Thanks you very much for the feedback.

I have checked out the reviews many times on centurylife and based on price point and needs I was looking towards the Zwilling Sensation/Demeyere 5 Plus/Demeyer Atlantis but found out the Sensations have been "retired" and now branded (???) as the Aurora, hence my request for additional info from someone who has purchased the Aurora line.
I have bookmarks for various brands (Fissler, Zwilling, Demeyere, Lacore) depending on the actual pot/pan and reviews and advice I have seen but still keep coming back to the Aurora as the bulk of the set.
Will have to check out the Hammer Stahl 

Appreciate the help and input.


----------



## EJR (Nov 10, 2018)

I believe you are correct, that (1) Zwilling Sensation was identical to Demeyere 5 but (2) Sensation is no longer available.

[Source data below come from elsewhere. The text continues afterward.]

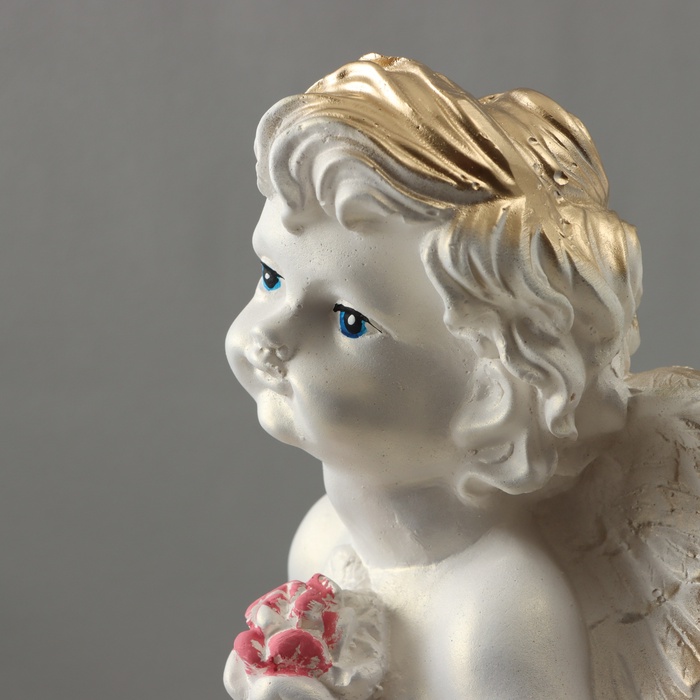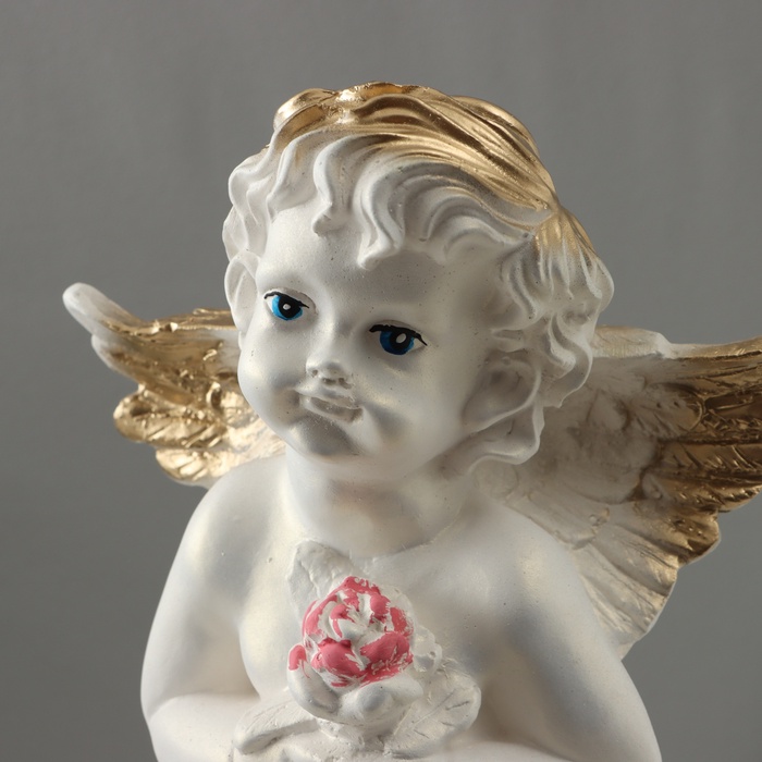 - Выразительный дизайн: Фигура ангела с мягкими чертами лица и детализированной формой передает ощущение спокойствия и благодати. Перламутровое покрытие создает тонкие переливы, а золотистые акценты подчеркивают благородство образа.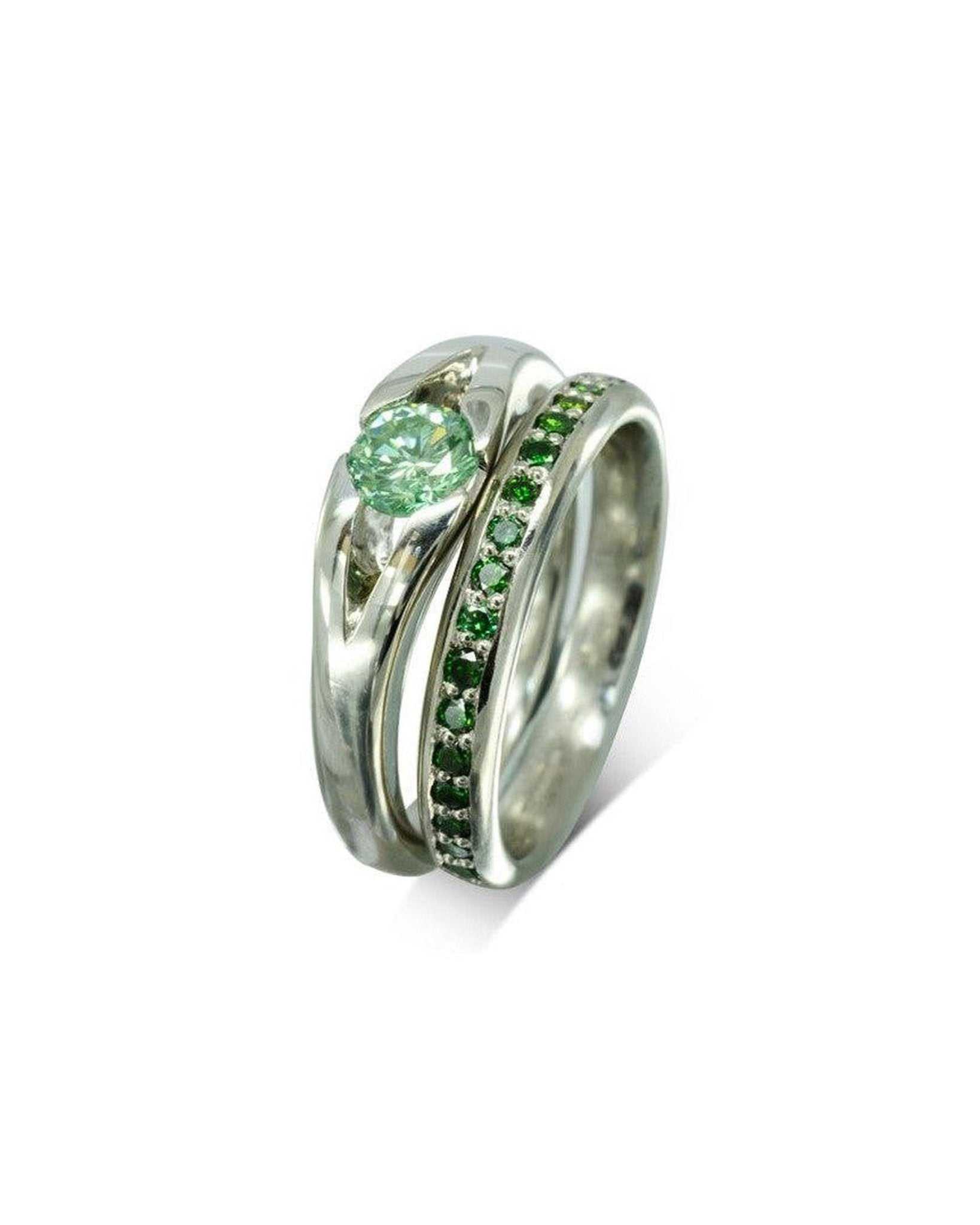 • Alliance assortie : la bague de fiançailles est associée à une alliance assortie comportant des diamants verts plus foncés.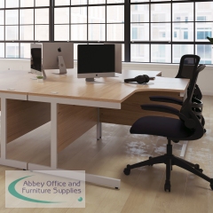 Suitable for use in a variety of office environments, this First Radial Cantilever Desk features a strong cantilever frame for support and stability. The radial design offers easy working access to your computer, as well as ample additional desktop space. It features a 25mm thick desktop with dual 62mm cable management ports to keep workspaces tidy and free from wires. The desk includes a modesty panel as standard and is suitable for use with First Under Desk Pedestals.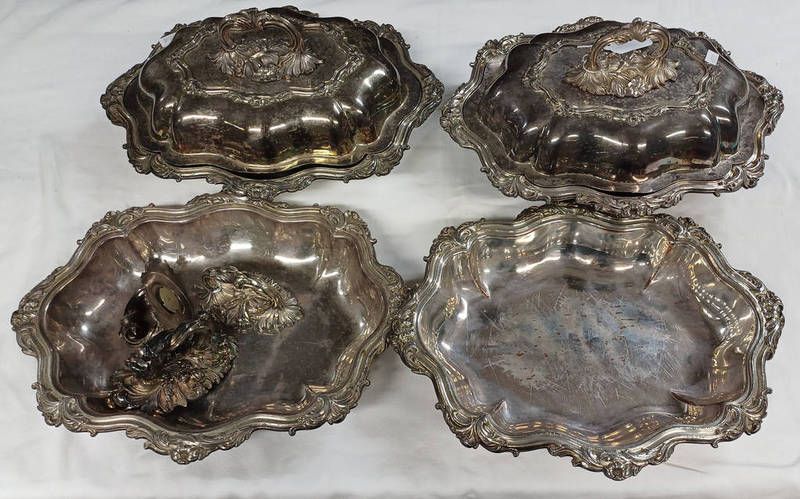 Pair 19th century sheffield plated entree dishes, 2 matching entree dish bases & 2 spare handles

The replacement Zwilling product line is the Aurora. I believe Aurora shares the same 5 play construction and thicknesses of the Demeyere 5, but not the Silvernox finish and rivets instead of welding for the handles. For me, these features were not worth the extra $$.

A 10 piece set of Hammer Stahl can be had for a little less online than Aurora with various promotions. See
https://www.everythingkitchens.com/hammer-stahl-10-piece-cookware-set-hsc-17002.html

The Aurora pieces are a little thicker than Hammer Stahl. Hence, I selected the Aurora. But like I said, the 7-ply and finish of the Hammer Stahl is intriguing. Maybe buy a pan or pot of each, given them a head to head comparison, and then purchase the set you prefer and return the other.


----------